Masih ingat kehebohan ketika Malaysia mengaku bahwa Reog adalah bagian dari budayanya?
Kini Singapura kembali membuat heboh negara tetangga ketika mendaftarkan pusat kuliner jalanan ke UNESCO untuk mendapatkan pengakuan sebagai Intangible Cultural Heritage of Humanity.
Langkah Singapura ini memang cukup beralasan karena dilihat dari sejarahnya pusat kuliner jalanan Singapura ini berkembang dari jualan jajanan dengan menggunakan Rickshaw dan mobil bak terbuka di pinggir jalan. Kuliner jalanan yang dijual saat itu antara lain kway teow, cake wortel dan mie kuah dengan baso ikan.
Pada tahun 1960 an oleh pemerintah Singapura penjaja makanan ini dipindahkan pusat kuliner terbuka, food courts dan kedai kopi agar sekaligus berfungsi sebagai fasilitas interaksi sosial masyarakat Singapura.
Saat ini upaya Singapura untuk mendaftarkan Pusat Kuliner Jalanan ini ke UNESCO telah mendapat dukungan dari 35.000 warganya serta mendapatkan dukungan dan bantuan penuh dari pemerintah Singapura.
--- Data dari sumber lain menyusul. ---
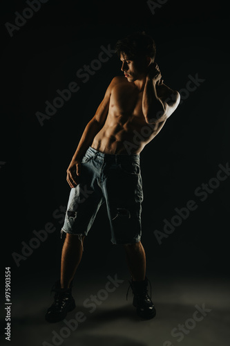 Shirtless athletic man posing in dark lighting wearing ripped denim shorts, showcasing his muscular physique for a fitness and fashion photo shoot.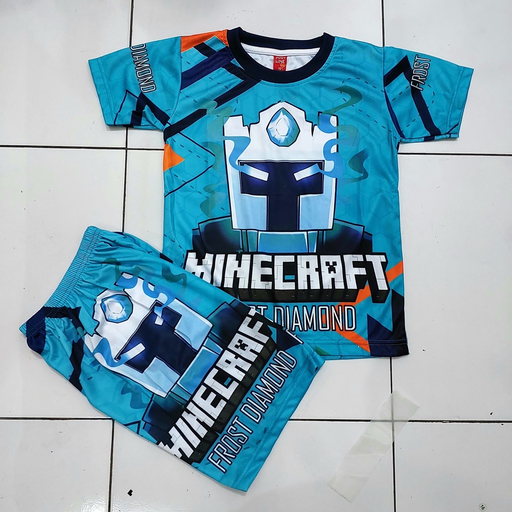 Detail stelana anak minicraft full printing/baju kaos celana minicraft printing size 2-10thn

Pemerintah Singapura memang terlibat penuh dalam penyediakan fasilitas bangunan terbuka pusat kuliner jalanan ini termasuk pembuatan aturan terkait kualitas dan kebersihannya sebagai bagian dari promosi wisatanya.
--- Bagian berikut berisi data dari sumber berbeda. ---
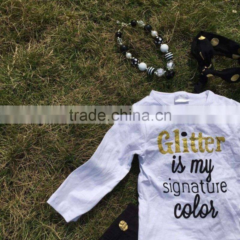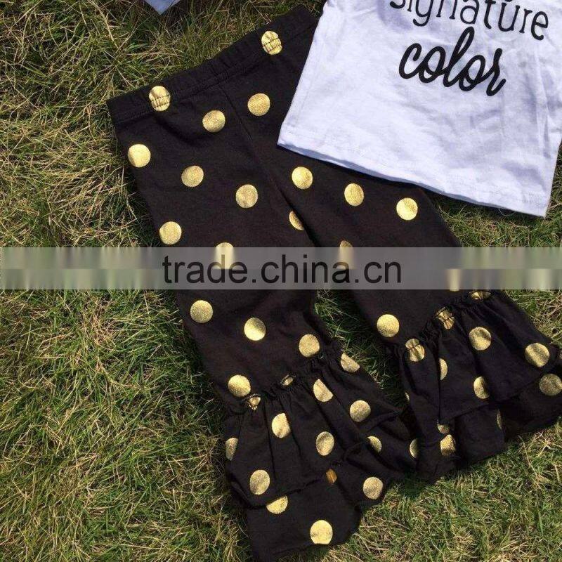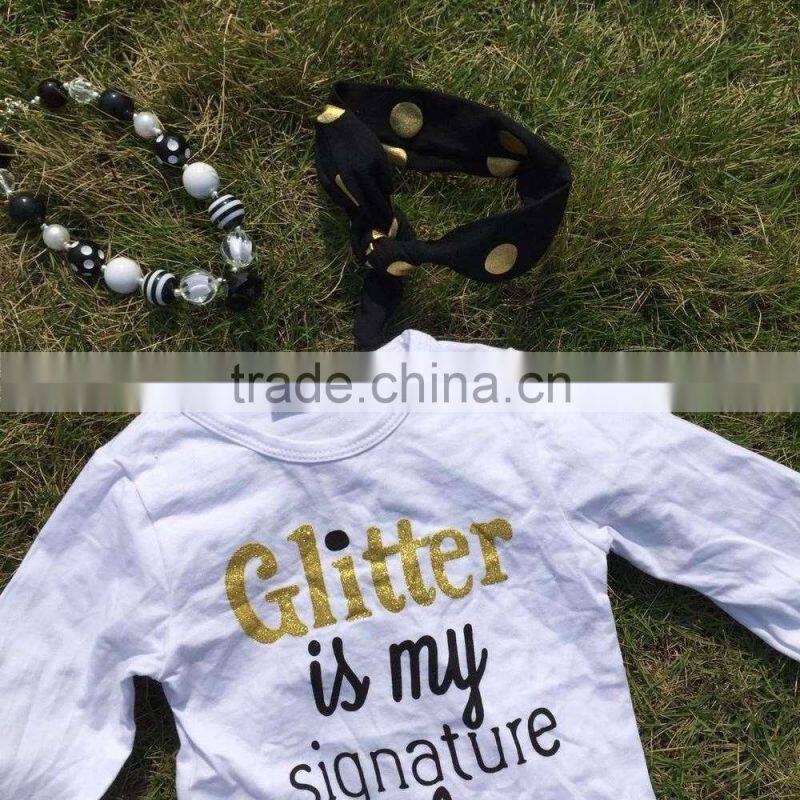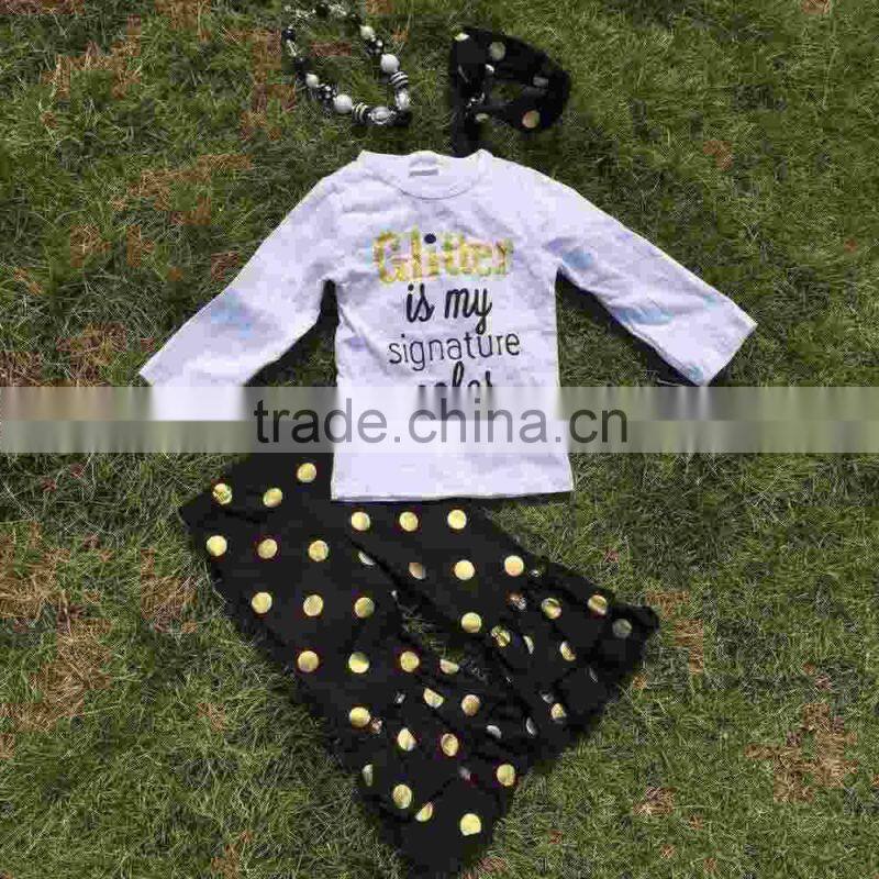baby clothes boutique outfits Fall/winter black gold dot glitter clothing pant long sleeves sets with matching headband set

Saat ini Singapura memiliki pusat kuliner jalanan sebanyak 110 yang dapat menampung sekitar 6.000 pedagang kuniner jalanan.
Sebenarnya jika dikaji lebih dalam lagi sebagian besar kuliner jalanan Singapura bukanlah asli dari Singapura namun berasal dari makanan tradisional negara lain yang dibawa para imigran ke Singapura.
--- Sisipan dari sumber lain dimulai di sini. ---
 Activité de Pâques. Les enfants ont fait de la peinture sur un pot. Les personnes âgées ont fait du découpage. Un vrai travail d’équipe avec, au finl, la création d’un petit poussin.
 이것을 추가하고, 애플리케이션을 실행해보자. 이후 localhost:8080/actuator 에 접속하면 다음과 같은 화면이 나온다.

Bahkan makanan khas Singapura yang dikenal sebagai nasi ayam Hainan berasal dari propinsi Hainan di Tiongkok Selatan.
Namun tetap saja Singapura bersikeras bahwa makanan jalanan yang didaftarkan untuk mendapatkan pengakuan UNESCO ini berbeda dan sudah mengalami evolusi sehingga cita rasanya khas Singapura.
Singapura menganggap bahwa bumbu yang digunakan dan cita rasa kuliner jalanan Singapura walaupun tidak asli Singapura namun unik dan dimasak dengan teknik yang berbeda dan terinspirasi dari budaya multicultural.